(SOURCE INFORMATION Opens)

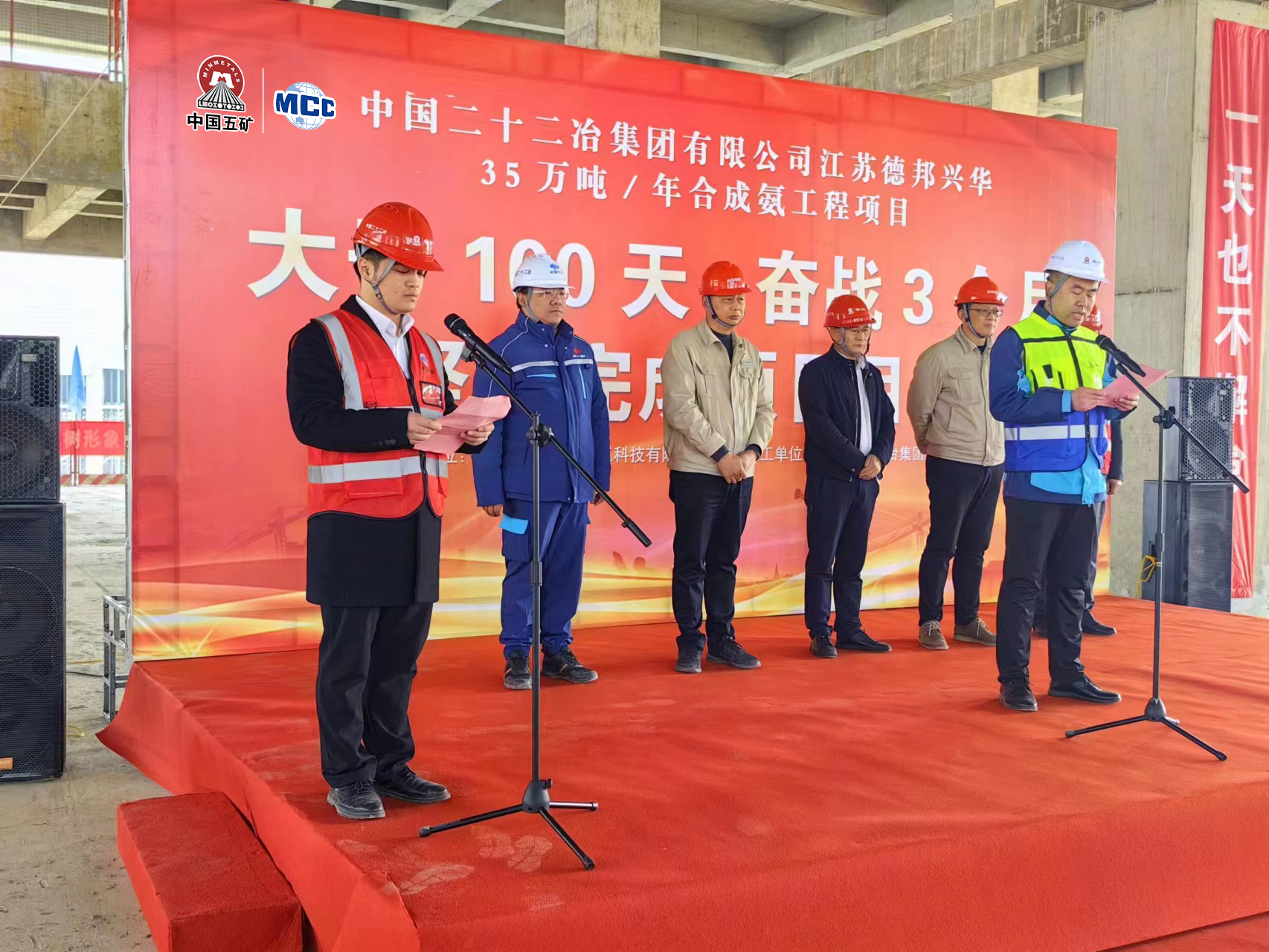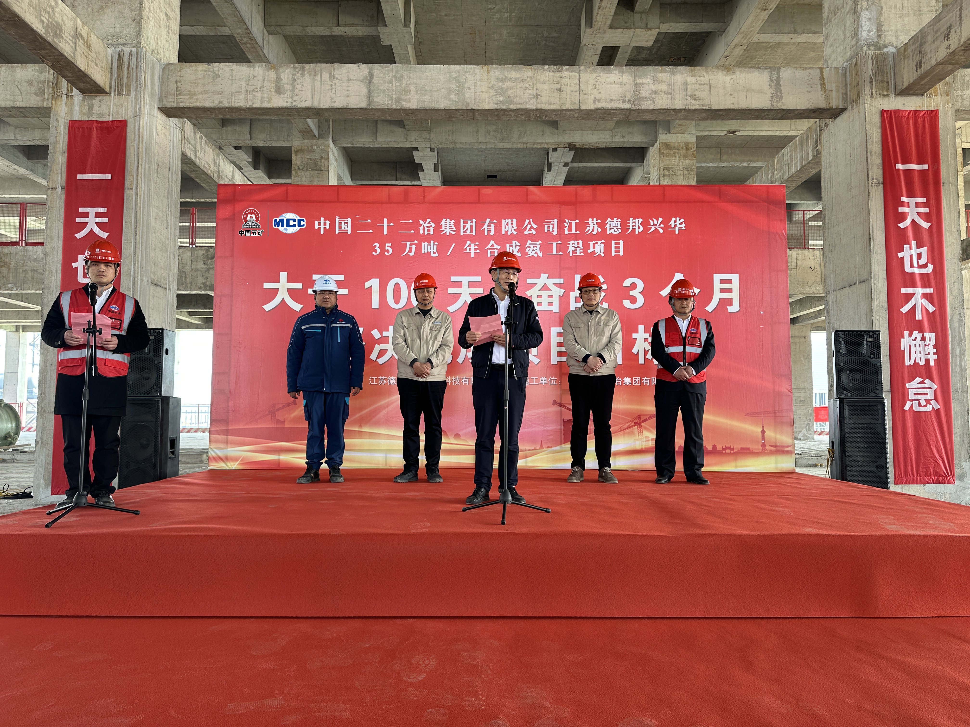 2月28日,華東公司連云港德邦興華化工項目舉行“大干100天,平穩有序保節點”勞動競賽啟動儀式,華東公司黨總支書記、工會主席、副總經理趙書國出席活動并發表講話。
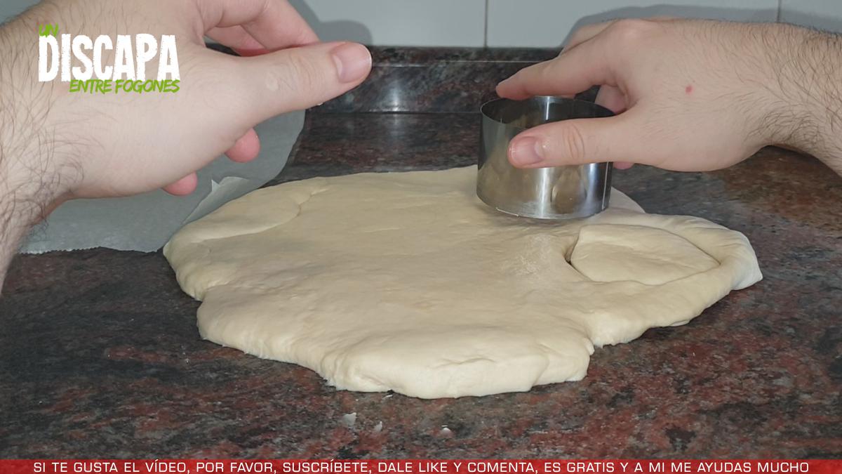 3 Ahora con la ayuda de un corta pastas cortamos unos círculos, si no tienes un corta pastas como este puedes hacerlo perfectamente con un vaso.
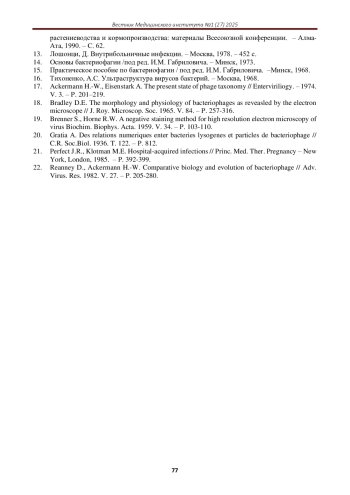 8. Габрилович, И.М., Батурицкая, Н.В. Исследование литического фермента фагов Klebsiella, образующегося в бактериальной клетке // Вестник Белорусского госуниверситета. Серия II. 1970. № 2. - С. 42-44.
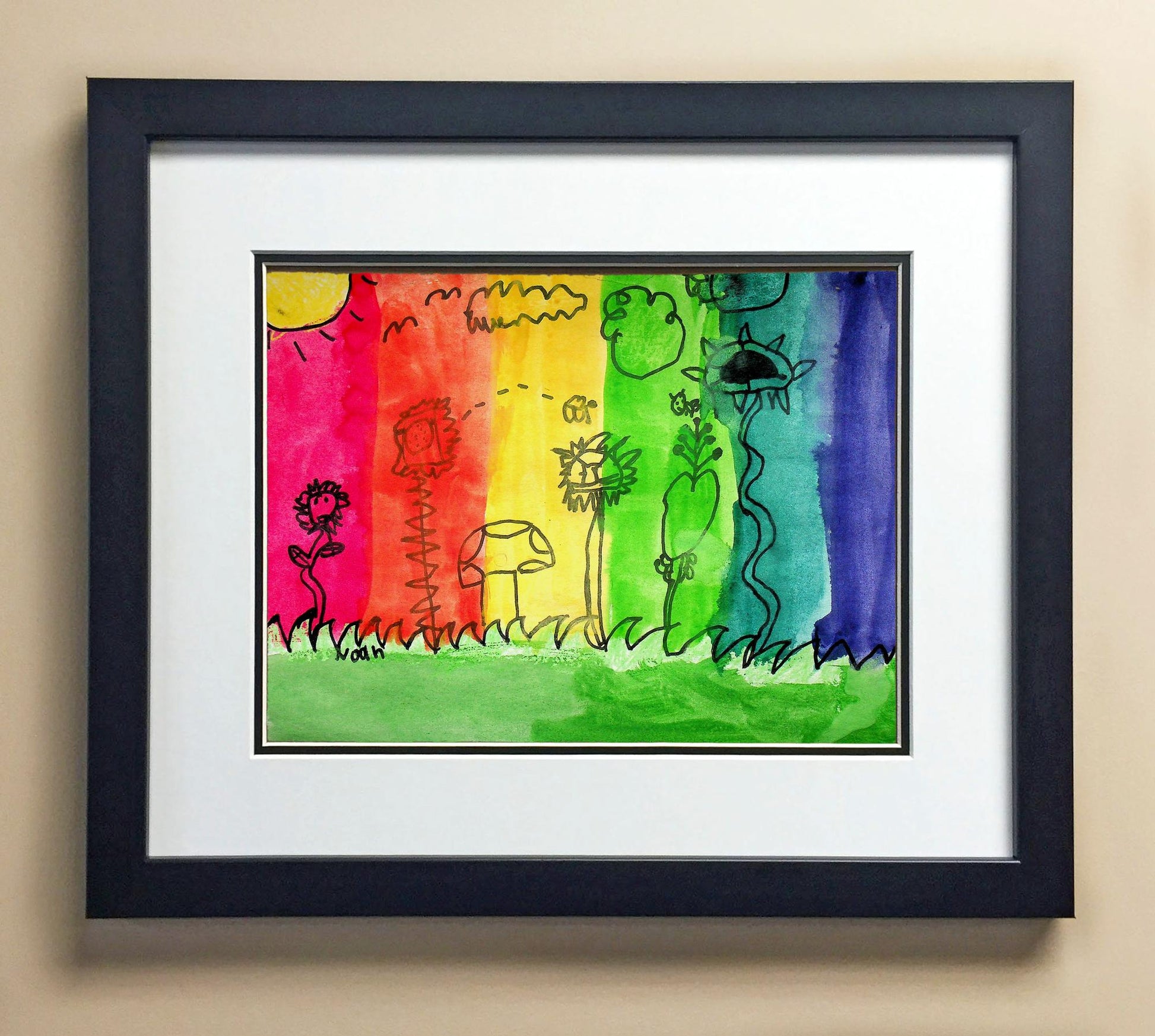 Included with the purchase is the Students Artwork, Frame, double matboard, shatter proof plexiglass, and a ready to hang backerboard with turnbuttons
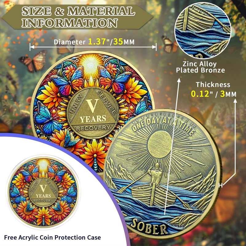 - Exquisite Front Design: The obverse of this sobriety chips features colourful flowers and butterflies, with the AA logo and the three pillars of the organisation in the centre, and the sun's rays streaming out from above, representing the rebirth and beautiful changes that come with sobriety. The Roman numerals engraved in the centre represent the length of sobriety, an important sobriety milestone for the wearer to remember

(SOURCE INFORMATION Closes)

PROBLEM DESCRIPTION
Every line from the one containing "Included with the" through the end of the entries above is to be copied exactly; pictures are to be left out.

SOLVED PROBLEM
 Included with the purchase is the Students Artwork, Frame, double matboard, shatter proof plexiglass, and a ready to hang backerboard with turnbuttons
 - Exquisite Front Design: The obverse of this sobriety chips features colourful flowers and butterflies, with the AA logo and the three pillars of the organisation in the centre, and the sun's rays streaming out from above, representing the rebirth and beautiful changes that come with sobriety. The Roman numerals engraved in the centre represent the length of sobriety, an important sobriety milestone for the wearer to remember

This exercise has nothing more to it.